Текст книги "Тропы Алтая"
Автор книги: Сергей Залыгин
сообщить о нарушении
Текущая страница: 16 (всего у книги 26 страниц)
Глава четырнадцатая
Спустя день после похорон Лопарев остановил Риту в лесу неподалеку от лагеря и спросил:
– Помнишь, когда Онежку везли в больницу, ты все время спрашивала, не болит ли у нее вот здесь? – Он показал глазами где. – Помнишь? Знала, что Онежка болеет? Она тебе жаловалась?
Рита взглянула на Лопарева с надеждой: может быть, он ее толкнет, ударит? Она хотела, чтобы ей было больно, чтобы боль все в ней заглушила.
– Да, – сказала Рита. – Жаловалась…
– Часто?
Нет, Онежка не часто жаловалась на свою болезнь, но Рита много раз расспрашивала ее… И всякий раз ей казалось, будто она сумела как-то приблизить Онежку к себе, завоевать ее, покорить… Узнать что-то об Онежке, никому больше не известное… А зачем это нужно было? Зачем? Как объяснить это Лопареву?
Рита молчала…
А Лопарев ответа не дождался, пошел медленно-медленно, пошел прочь, не оглядываясь… И, посмотрев ему вслед, Рита испугалась всех: и Лопарева, и Рязанцева, и Вершининых, старшего и младшего, и шофера Владимирогорского. Вдруг ощутила то чувство брезгливого недоумения, которое она вызывает теперь у этих людей всем своим видом, своим голосом, просто своим присутствием. Она должна была уйти из лагеря, убежать – все равно куда, но только убежать сейчас же.
Стала ждать, когда погаснет костер, когда все уснут.
Даже пожалеть не могла себя. Не могла жалеть себя отдельно от несчастья, которое вдруг возникло во всем и во всех кругом, такого большого, что перед ним жалость к себе совершенно ничего не значила.
Наконец в палатке, прямо над головой, появилось бледное крадущееся отражение луны.

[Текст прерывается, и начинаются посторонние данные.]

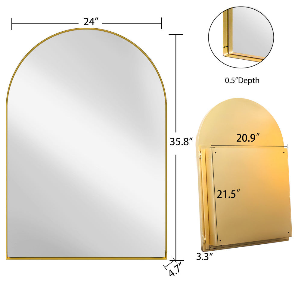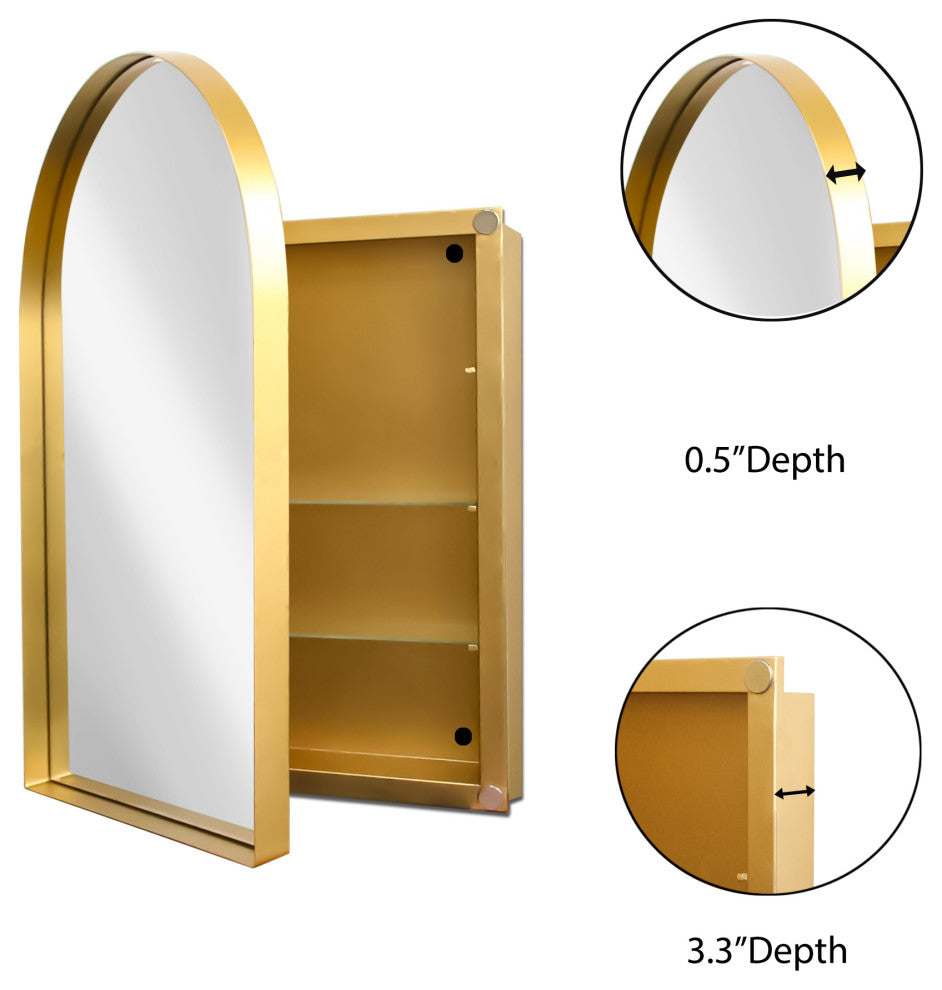 Elegant Arch Design: Upgrade your bathroom with this stunning 24 x 36 inch arched medicine cabinet. Its elegant design and mirrored surface instantly elevate the style of your space, creating a sophisticated and functional focal point. The sleek metal frame adds a touch of modern luxury, complementing various bathroom aesthetics.

Время настало…
Она вышла с белым полотенцем через плечо, закрыв им рюкзак, как будто перед сном еще раз решила умыться на ручье.
Ночь наступала прохладная и светлая. Сразу же за лагерем вилась тропа, и только спустя час, может быть, больше, Рита спросила себя: куда она идет?
Вспомнила, что тропа где-то за небольшим перевалом должна выйти на проселочную дорогу, а дорога – к тракту. На тракте она сядет в первую же машину и уедет в Бийск. Что будет дальше – безразлично. Безразлично – идти ли в сторону тракта или в какую-то другую сторону. Ей нужно было, чтобы с каждым шагом увеличивалось расстояние между нею и людьми, от которых она уходила. По мере того как ощущение этого расстояния появлялось – она снова могла о людях думать. Рядом с ними – не могла.
Ей нужно было, чтобы люди не только ее простили, но и навсегда забыли бы, что когда-то им довелось прощать ее. Но ведь они никогда не забудут ни ее вины, ни своего прощения, если даже простят? Никогда!
Только один человек способен был это сделать, только к одному она сейчас, сию минуту могла бы прильнуть, выплакаться у него на руках и до конца поверить в его прощение. Этот единственный человек совсем недавно был рядом с нею. Она его погубила.
Если бы она погубила кого-то другого, для раскаяния оставалась бы Онежка. Если бы!
Все, что Рита теперь видела и слышала, все-все это было уже увидено, услышано, пережито и передумано Онежкой, и сколько бы Рита ни просуществовала на свете после нее, она никогда не достигнет понимания чего-то, что понимала та маленькая девочка.
И Рита шептала Онежке ласковые слова, которые берегла для нее одной с первой их встречи.
В этом ласковом, тревожном и страстном шепоте сначала не было ничего странного: они шли вместе, рядом, все в гору, среди огромных камней, чуть-чуть освещенных луной, голубоватых с одной стороны и черных как уголь с другой.
Но потом Рита вдруг поняла, что она одна…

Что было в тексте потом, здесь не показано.